▸ **EXERCISE DATA**:

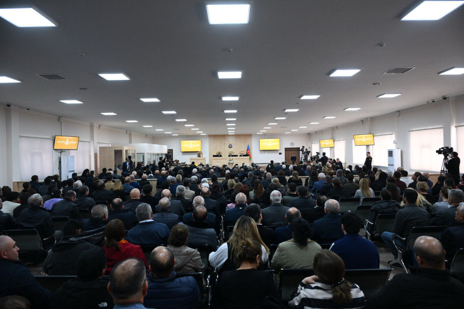 Məhkəmənin baxış iclasında təqsirləndirilən şəxslər, onların müdafiəçiləri, zərərçəkmiş şəxslərin bir qismi, onların hüquqi varisləri və nümayəndələri, həmçinin dövlət ittihamını müdafiə edən prokurorlar iştirak ediblər.
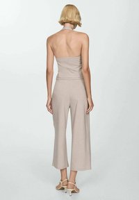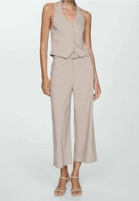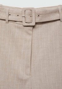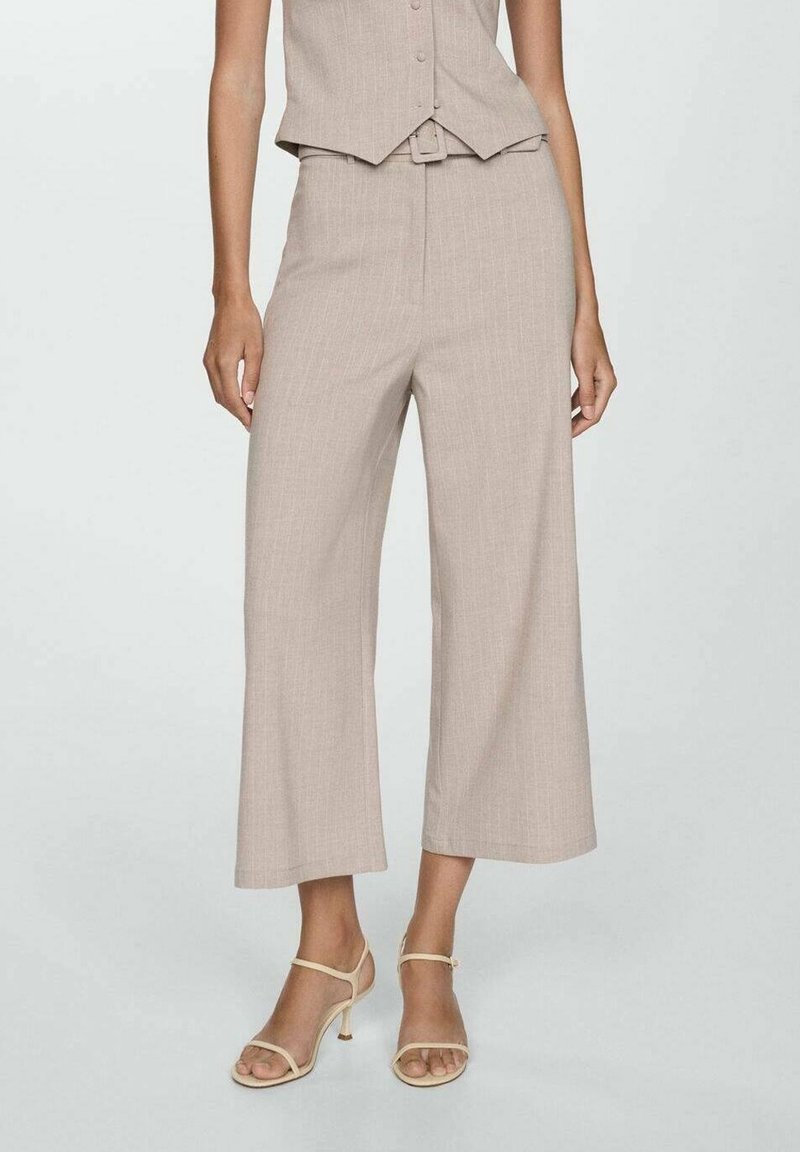 Pantalons larges beiges à rayures fines, taille haute avec une ceinture assortie. Associés à des talons légers et à lanières.
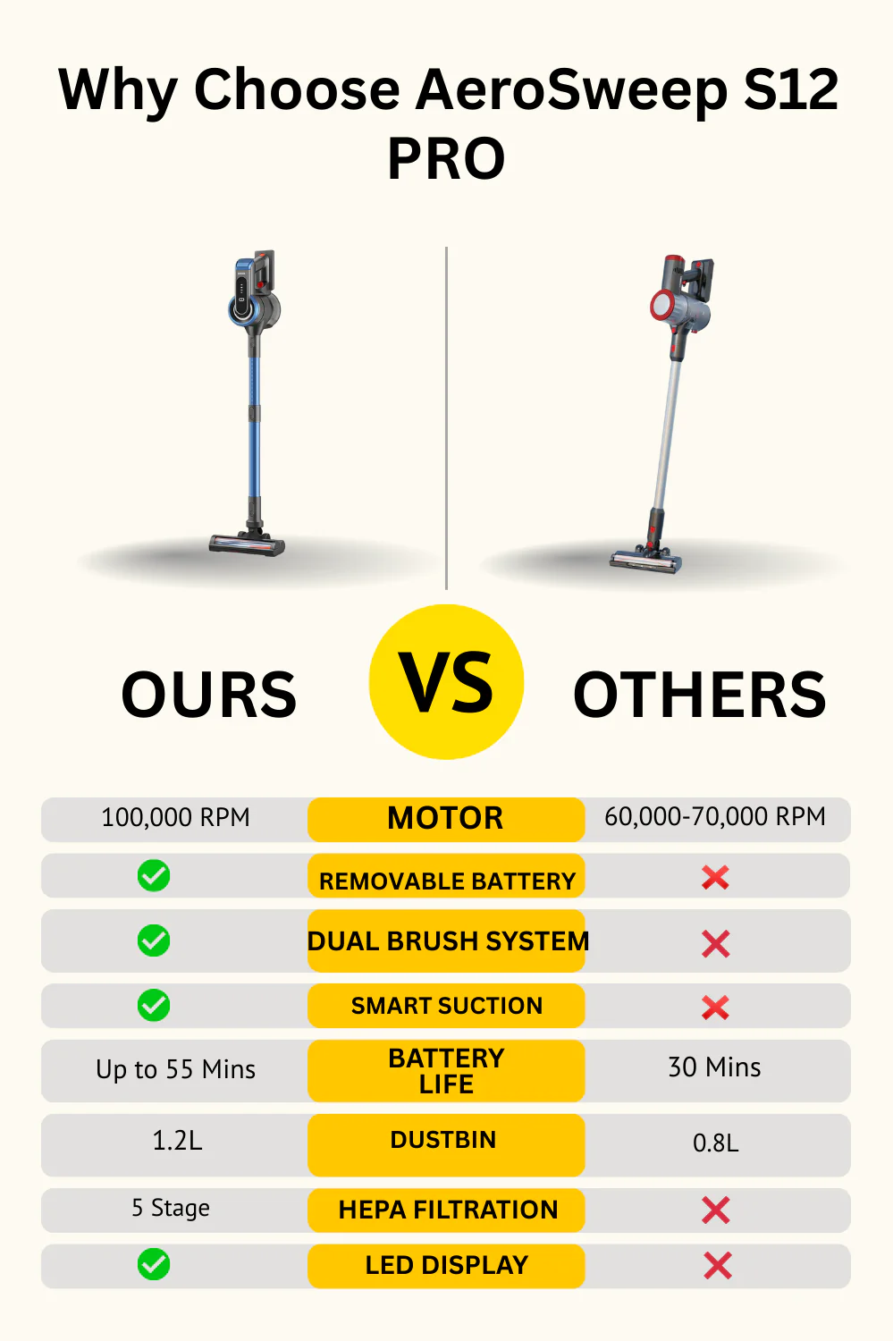 The AeroSweep S12 Pro combines high-speed suction, intelligent performance, and cordless freedom to make everyday cleaning faster and easier. Its powerful 100,000 RPM motor ensures deep cleaning across all surfaces
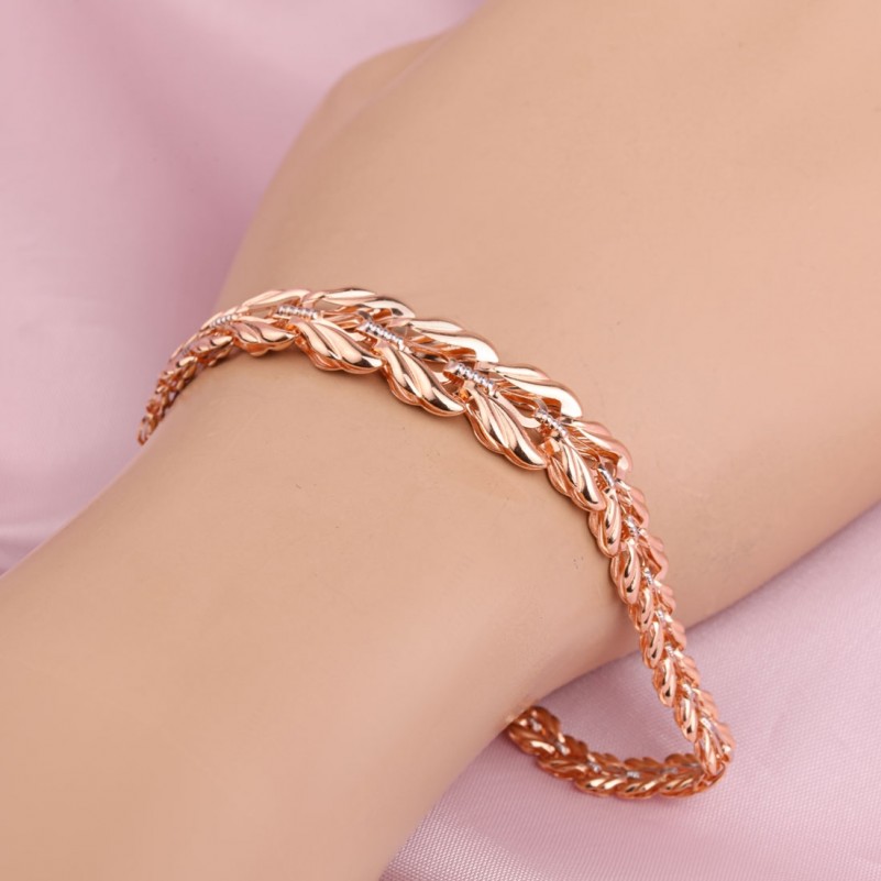 Браслет из красного золота 585 пробы с акцентами из белого золота. Элегантный и женственный браслет из красного и белого золота 585 пробы замечательно украсит изящные женские руки! Каждая стильная женщина и девушка мечтает о таком украшении. Браслет выглядит богато и привлекает восторженные взоры окружающих. Фантазийное плетение!

▸ **GOAL OF THE EXERCISE**: Set the lines down exactly as they stand, from the one containing "The AeroSweep S12" through the end of the listing, omitting every picture.

▸ **RESPONSE BELOW**:
 The AeroSweep S12 Pro combines high-speed suction, intelligent performance, and cordless freedom to make everyday cleaning faster and easier. Its powerful 100,000 RPM motor ensures deep cleaning across all surfaces
 Браслет из красного золота 585 пробы с акцентами из белого золота. Элегантный и женственный браслет из красного и белого золота 585 пробы замечательно украсит изящные женские руки! Каждая стильная женщина и девушка мечтает о таком украшении. Браслет выглядит богато и привлекает восторженные взоры окружающих. Фантазийное плетение!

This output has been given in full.